Begging me not to move 30 minutes away and using subtle threats like she was looking for somewhere to live closer to DB. All to get me to do what she wanted because she was insecure. She isn’t as bad now but that is because, over time, I am learning how to deal with her (boy it’s still hard!) She still says things like “my friend doesn’t see her DD often. Isn’t that terrible of her DD that she doesn’t have time for her Mum”. To be honest there are so many examples.
When you live/see someone like this you realise that it strips you of you self worth. I struggle to make my own decisions and am constantly confused about how I feel. I replay all of these times over and over until I make myself ill!
You become a people pleaser by nature. You doubt your feelings even when they are telling you something doesn’t feel right. You do anything to keep the cart on the wheels. Then you feel guilty for going against all that you were told. This is like this all the time mind you. I comes and goes but I never seem to get on top of how I feel.
I don’t see my DM as often as I used to even though she is now 81 and lives close by.
I constantly judge myself and my actions and I work hard to be a better person and Mother to my DD. I think I have achieved this or I hope so at least.
It’s crazy but 1 post never tells the full story. I guess it’s not just about my DB but that I struggle to deal with these issue with out asking for advice.
@FuckoffeeBeforeCoffee I absolutely agree- fuck em all🤣
@Verv never laughed so much. I think you must know him cause you described him perfectly.
Sorry to digress everyone. I just really needed to get that off my chest.

OP posts:
INeedAnotherName · 31/07/2023 14:04

Another poster on a different thread mentioned a woman on YouTube yesterday (it was regarding abusive husbands). Most of the videos are 2 minutes long but it felt like somebody really understood me. There are longer videos but just spend 10 minutes on 5 videos please, they don't require sound.

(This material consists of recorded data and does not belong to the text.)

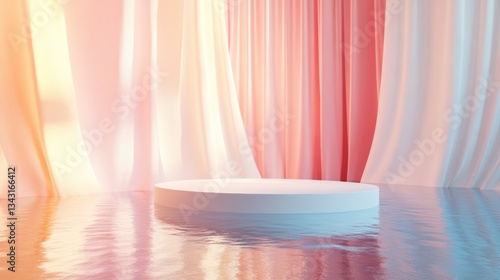 Pastel Product Display Podium Amidst Drapery, Sunlight Streaming Through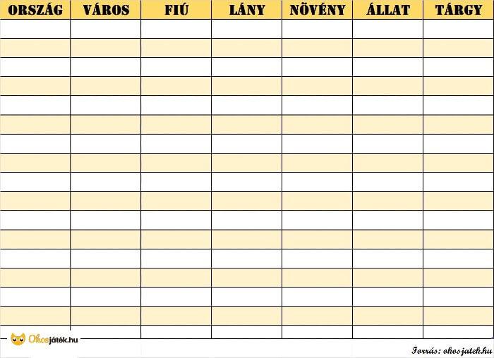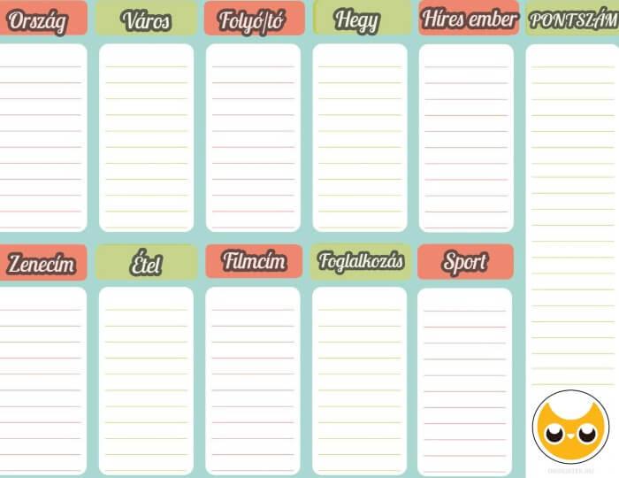 Ország, város, fiú, lány, növény, állat, tárgy és ha nagyobbakkal játszunk akkor híres ember. Utolsó oszlopba pedig írjuk fel a pontszámot.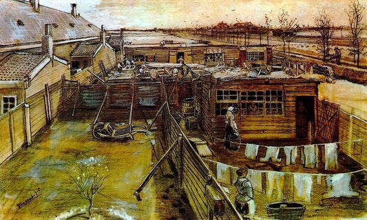 Carpenter Workshop Seen From The Artists Studio White Modern Wood Framed Art Print with Double Matting by Van Gogh, Vincent
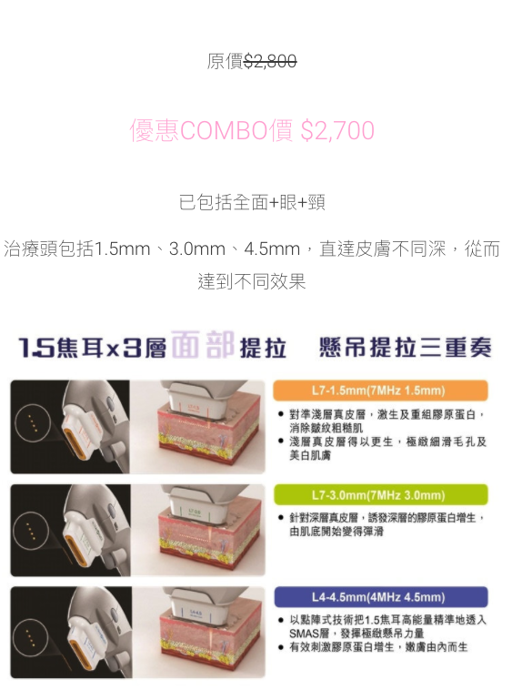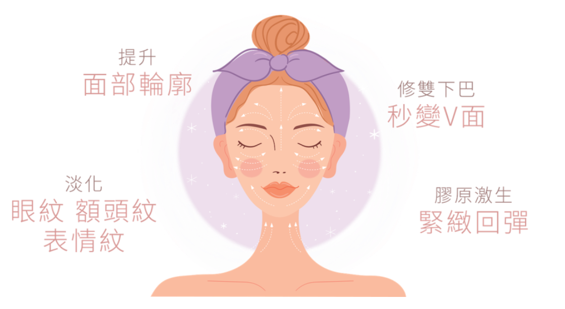 治療的範圍包括鬆弛的下眼袋、魚尾紋、雙下巴、蘋果肌等

Search Elizabeth Shaw Understanding Narcissism.

billy1966 · 31/07/2023 14:13

OP, you know when you choose boundaries with your mother, you are also choosing your daughter.

Everything you do to be kinder to yourself and not be manipulated, benefits your daughter.

I don't believe people are owed your time if they have treated you poorly, just because they are aging.

WeeksintheSun · 31/07/2023 16:49

@INeedAnotherName thanks, I will take a look at this. I do think it’s time to speak to someone about these issues. I put it off before because of the cost of counselling but maybe I need to make a sacrifice elsewhere. Hope you are okay.
@billy1966 thanks for your comment. I never looked at it like that.